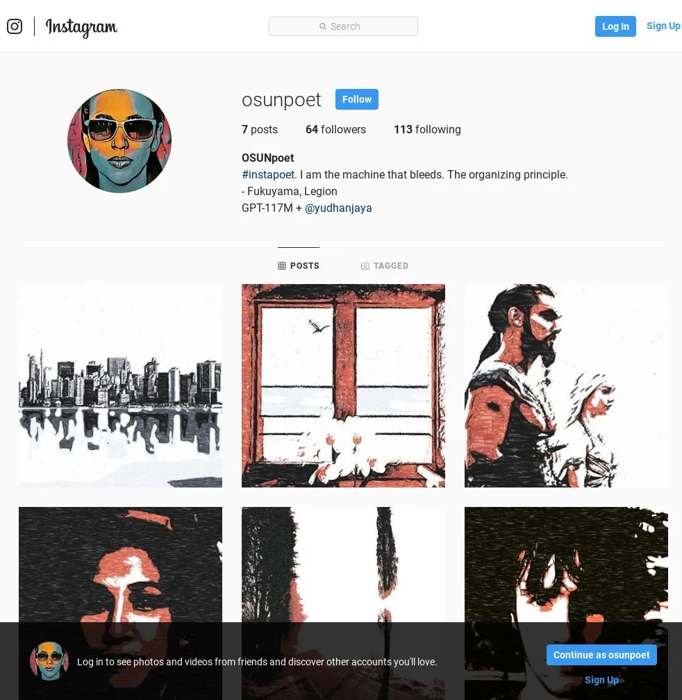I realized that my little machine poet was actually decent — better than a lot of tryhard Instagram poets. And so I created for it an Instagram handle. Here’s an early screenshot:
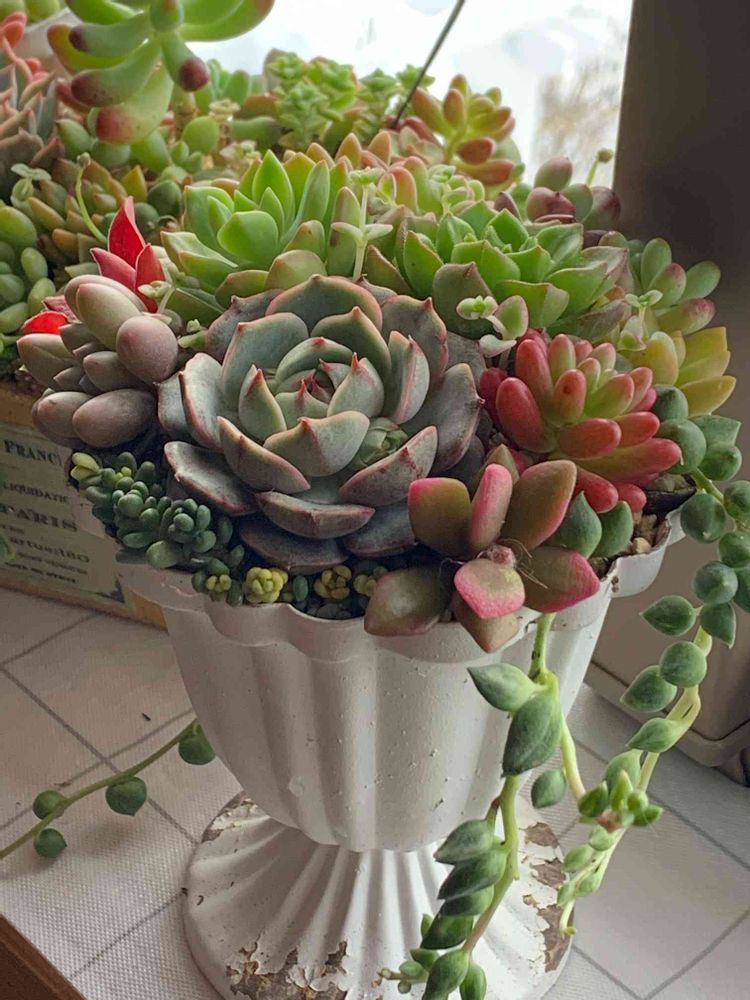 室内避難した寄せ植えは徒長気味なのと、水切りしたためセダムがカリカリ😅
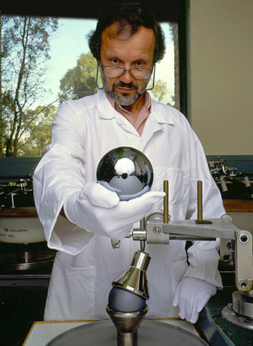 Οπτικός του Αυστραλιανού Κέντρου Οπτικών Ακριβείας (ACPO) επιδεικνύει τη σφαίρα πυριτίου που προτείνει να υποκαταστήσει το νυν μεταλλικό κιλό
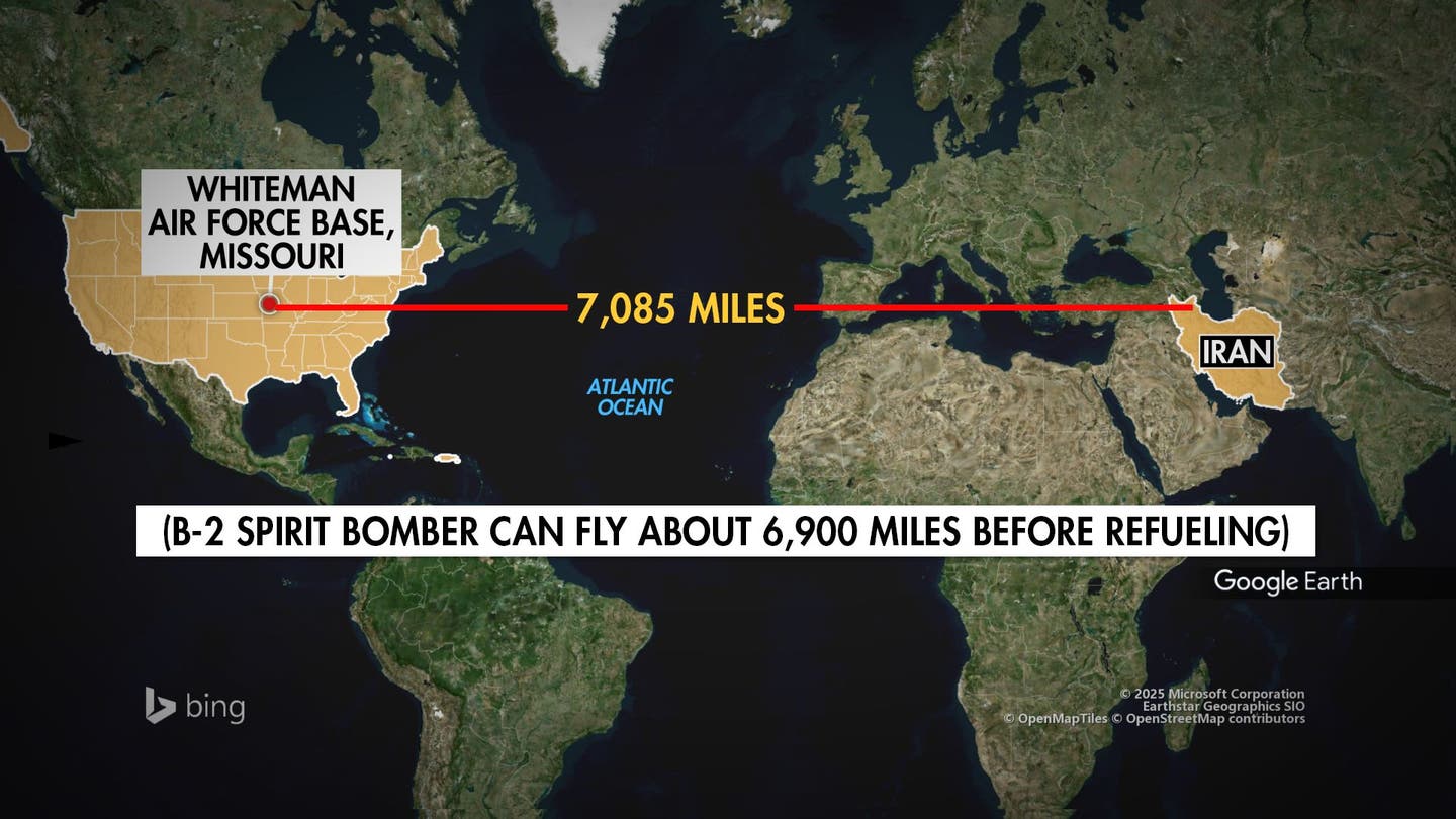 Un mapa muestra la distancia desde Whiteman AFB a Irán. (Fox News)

==

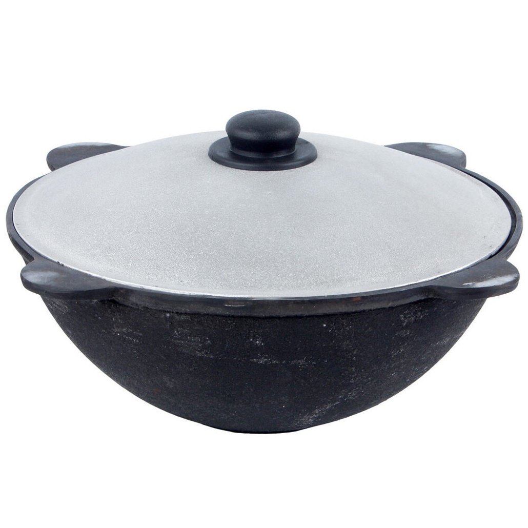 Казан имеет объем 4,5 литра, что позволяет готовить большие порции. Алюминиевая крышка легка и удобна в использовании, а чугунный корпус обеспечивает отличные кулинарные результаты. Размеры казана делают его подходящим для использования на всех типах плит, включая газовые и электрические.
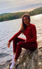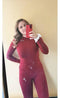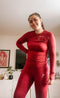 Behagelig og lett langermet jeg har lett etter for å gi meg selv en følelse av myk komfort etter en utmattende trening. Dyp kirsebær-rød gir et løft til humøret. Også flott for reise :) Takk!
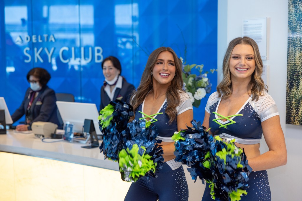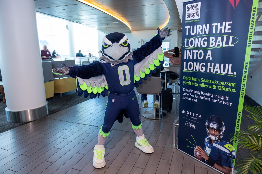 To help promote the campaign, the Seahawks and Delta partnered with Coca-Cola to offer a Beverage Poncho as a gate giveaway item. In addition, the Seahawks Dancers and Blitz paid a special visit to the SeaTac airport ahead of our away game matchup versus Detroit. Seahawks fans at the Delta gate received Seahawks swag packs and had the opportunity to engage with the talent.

• **Task to complete**: Word for word, repeat the lines above from the one with "室内避難した寄せ植えは徒長気味なのと、水切りしたためセダムがカリカリ😅" through the one with "Un mapa muestra", and nothing beyond them. Omit the pictures.

• **Result for this task**:
 室内避難した寄せ植えは徒長気味なのと、水切りしたためセダムがカリカリ😅
 Οπτικός του Αυστραλιανού Κέντρου Οπτικών Ακριβείας (ACPO) επιδεικνύει τη σφαίρα πυριτίου που προτείνει να υποκαταστήσει το νυν μεταλλικό κιλό
 Un mapa muestra la distancia desde Whiteman AFB a Irán. (Fox News)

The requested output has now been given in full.